The study, led by Egyptian scientist Esam Hegy of the USC Viterbi Innovation Fund Arid Climates and Water Research Center, confirms that existing dams in the Upper Nile, such as the Grand Ethiopian Renaissance Dam, in addition to the policy currently in place in Egypt to reuse irrigation water to make up for the lack of fresh water, has a significant impact on the degradation of both soil and water quality. Egypt, the most populous and driest country along the Nile River, has one of Africa’s highest water budget deficits—the large-scale reuse of sewage and agricultural wastewater in the Nile Delta offsets this deficit. There needs to be more research on the effects of water reuse on increasing soil pollution levels. To address this lack of studies, the researchers assessed the level of heavy metal contamination and pollutants along the two branches of the Nile Delta and identified their sources. They also explored how dam construction in the Upper Nile increased the concentration of these pollutants in the delta.

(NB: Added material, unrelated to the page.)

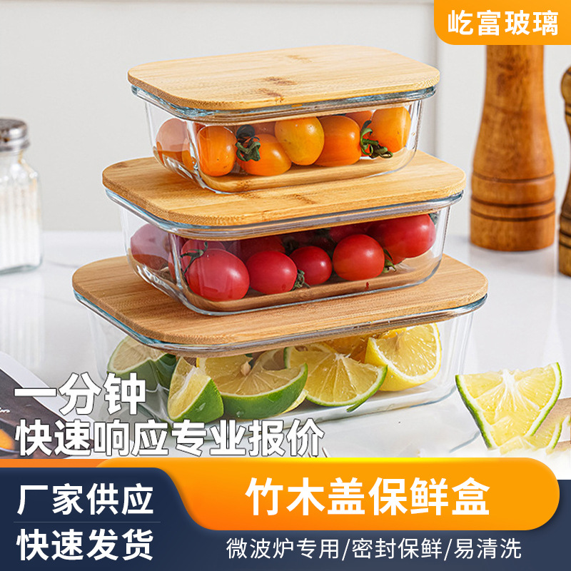Spot Bamboo and Wood Lid Glass Lunch Box Sealed Crisper Microwave Heating Transparent Lunch Box Bowl Insulated Lunch Box

The researchers concluded that widespread pollution, coastal erosion, and seawater intrusion pose severe challenges to the survival of the Nile Delta as a primary source of food security for Egypt. The rapid flow of the Nile, the low gradient of the delta, and the silty soils of the river bed further increase the retention of heavy metals and impede their flow, causing widespread pollution of the delta. The increase in the reuse of sewage and agricultural water for irrigation to mitigate the effects of the water deficit resulting from the dams built in the upper Nile contributes rapidly to the increase of these pollutants.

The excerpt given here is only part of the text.